以前型を守るほど見えていた仕事が消えるという記事で、型は型の外にあるものを含まないと書きました。AIが返す判断材料も学習データにある想定範囲までです。想定範囲の外を補っているのは経験を積んだ人の判断です。想定範囲の外で起きる不具合は、補う人がいなくなるとしばらく誰にも気づかれません。
実務でやることは一つです。AIツールを入れて人を減らすとき、AIが外したときに補える人を残せるかどうか。残っていなければ、外れたことに気づけなくなります。

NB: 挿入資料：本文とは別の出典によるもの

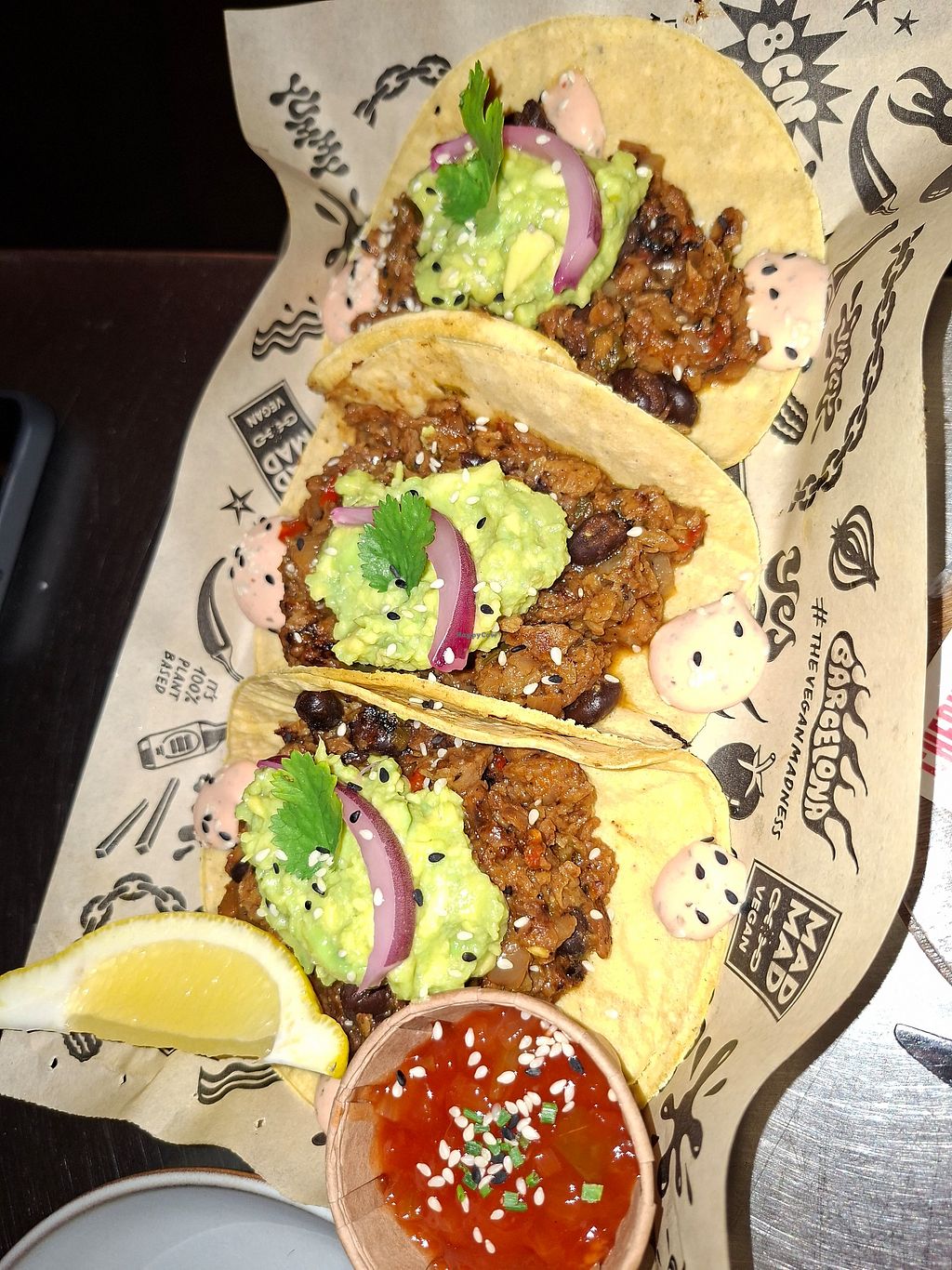 The Calamari starter was my favourite. The tacos were also delicious, its a great spot for your fatty food fix
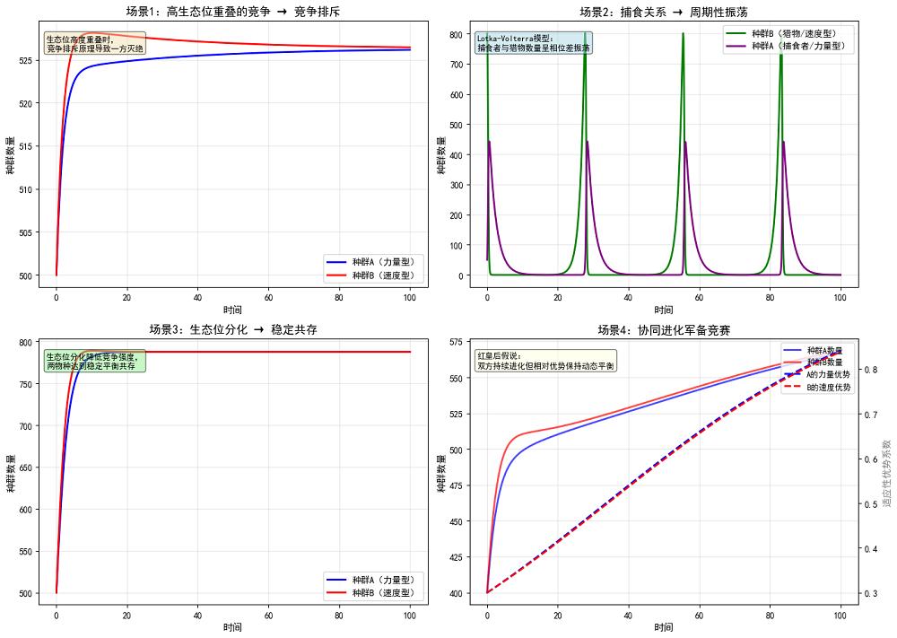 提示词:有两个种群,种群a注重力量的发展,种群b注重速度的发展,请模拟一下两个种群之间的相互作用并给出说明。
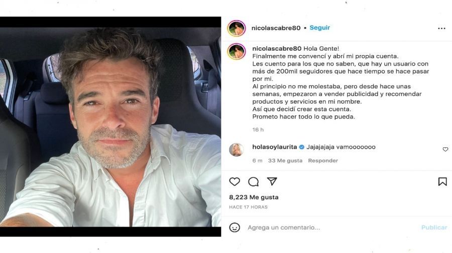 Desde hace un tiempo, una persona acumuló más de 200.000 seguidores haciéndose pasar por Nicolás Cabré, y el artista decidió abrir una cuenta oficial en Instagram para aclarar la situación, ya que el usuario o usuaria en cuestión empezó a promocionar productos y servicios en nombre del actor.
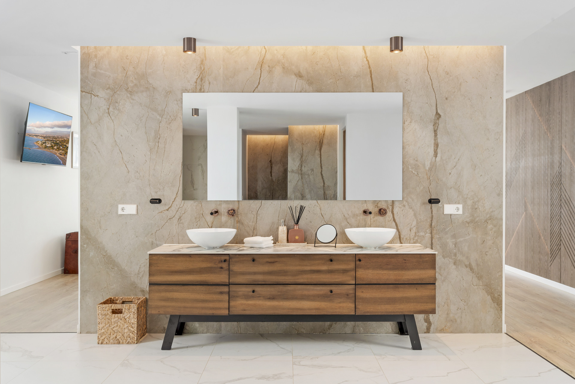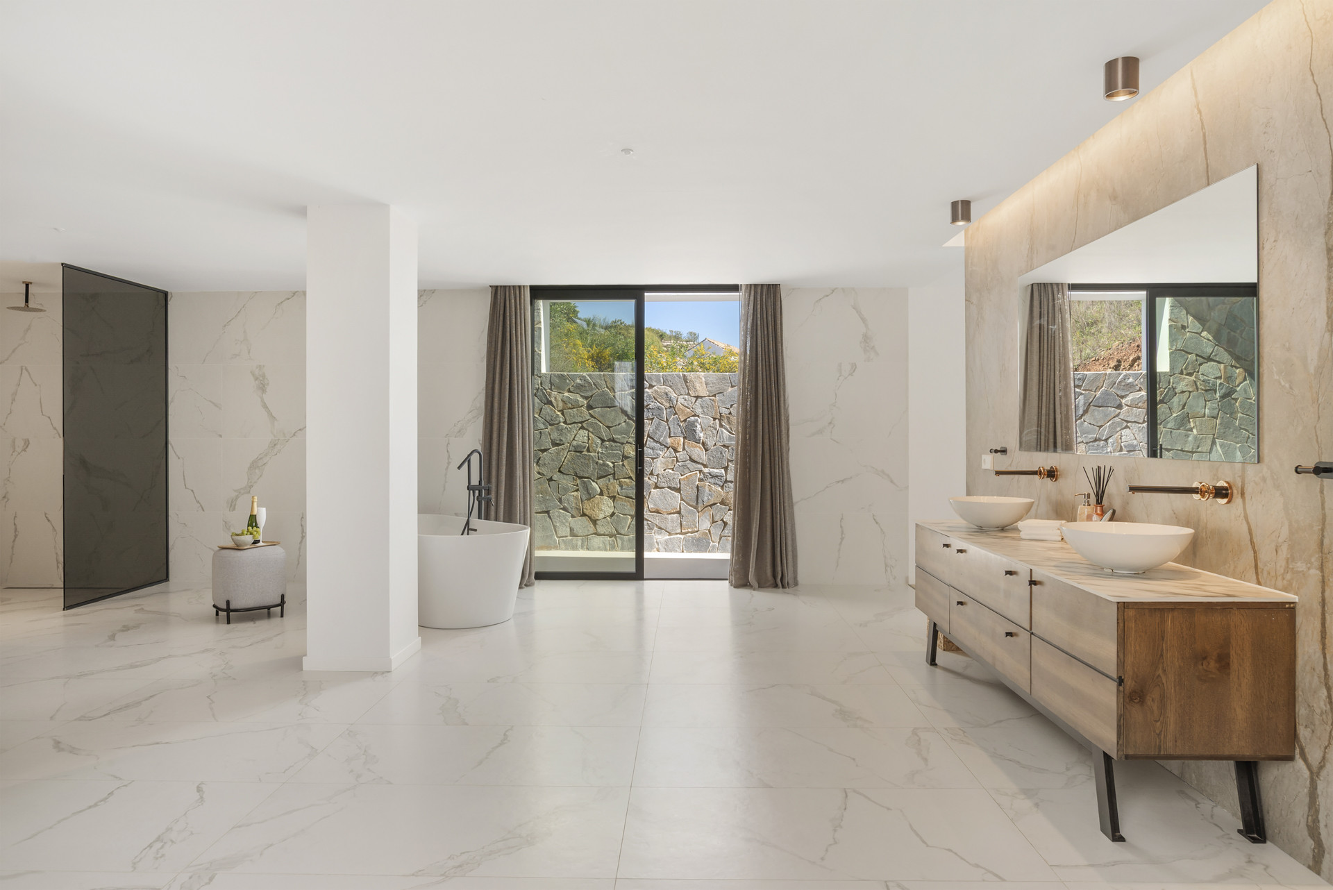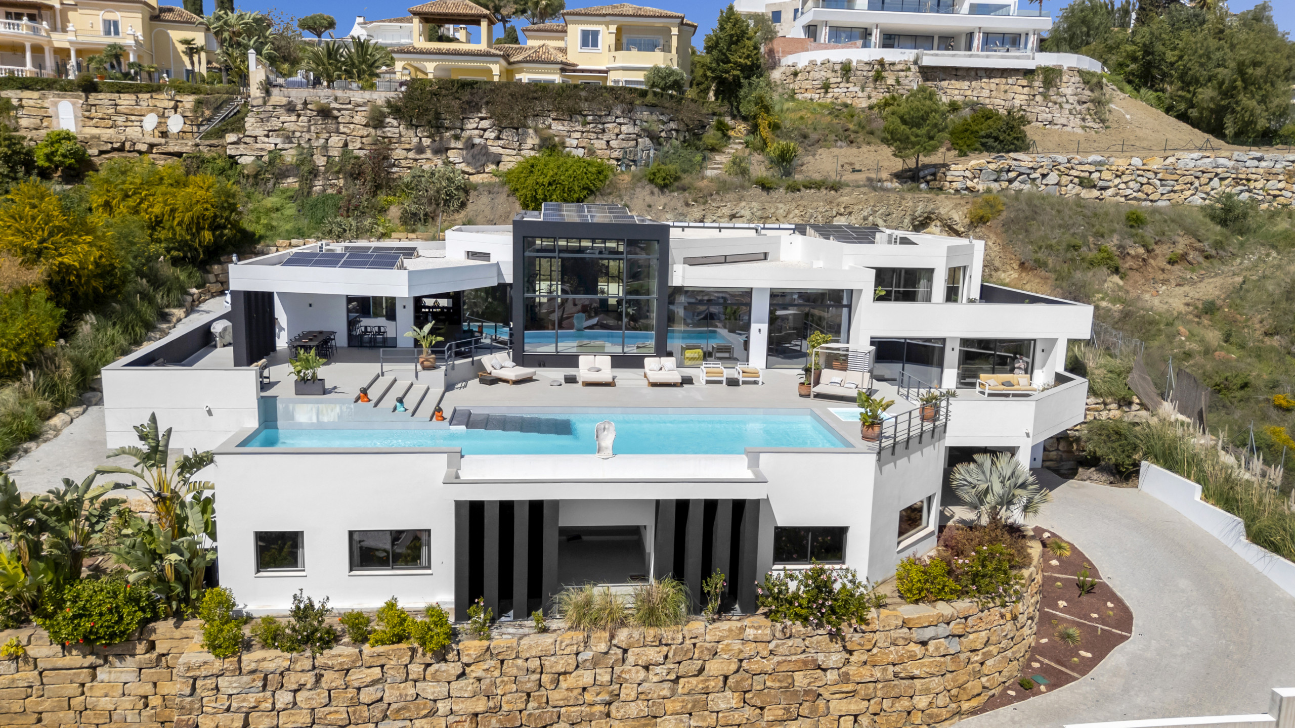 Boendet är utrustat med följande föremål: inhägnad tomt, terrass, tvättmaskin, torktumlare, grill, Öppen spis, strykjärn, kassaskåp, internet (Wifi), hårtork, balkong, gym / fitness , alarm, spa, centralvärme, luftkonditionering, pool privat pool, garage in på plats, 2 TV.

見定め方は難しくありません。AIが出した答えに『これは違う』と言える人が何人いるかです。その人数が、AIを使い続けられる範囲を決めます。
まとめ 教える人が要ると分かるのは、減らしたあと
- Fordは900台規模のAI検査カメラを入れたあと、350名のベテランを呼び戻した
- 戻った人の主な仕事は、AIへの教え込みと量産前のレビュー
- 結果はJ.D.パワー2026年調査で16年ぶり首位、不具合100台あたり41件減
- 同じ現象は業界規模。AI理由の解雇企業の29%が再雇用、3社に1社は削減額より再雇用額のほうが大きい
- IBMは94%を処理できて残り6%で限界。判断が出るまで6ヶ月から12ヶ月
- AIができなかった業務に共通するのは、判断基準が文書化されていないこと
- 「文書化されていない判断基準」は学習データに入らない。持っている人も評価の対象にならない
- 人員削減の計画に、AIを教育するフェーズは入っていない。入れる前には必要だと分からない
- 対策案は先に練れない。練れるのは『虚像がある』という想定まで
- 復職者の給与は20〜35%高い。職務が検査からAIの監督に変わったため
- 機械設計の判断支援も、返す判断材料は学習データの想定範囲まで
- 減らす前に見定めるのは、AIが出した答えに『これは違う』と言える人が何人残るか
Fordが呼び戻した350名は検査作業者には戻りませんでした。AIに、自分たちが何を見ていたのかを教える側に回っています。教える人が要ると分かったのは作業者を減らしたあとでした。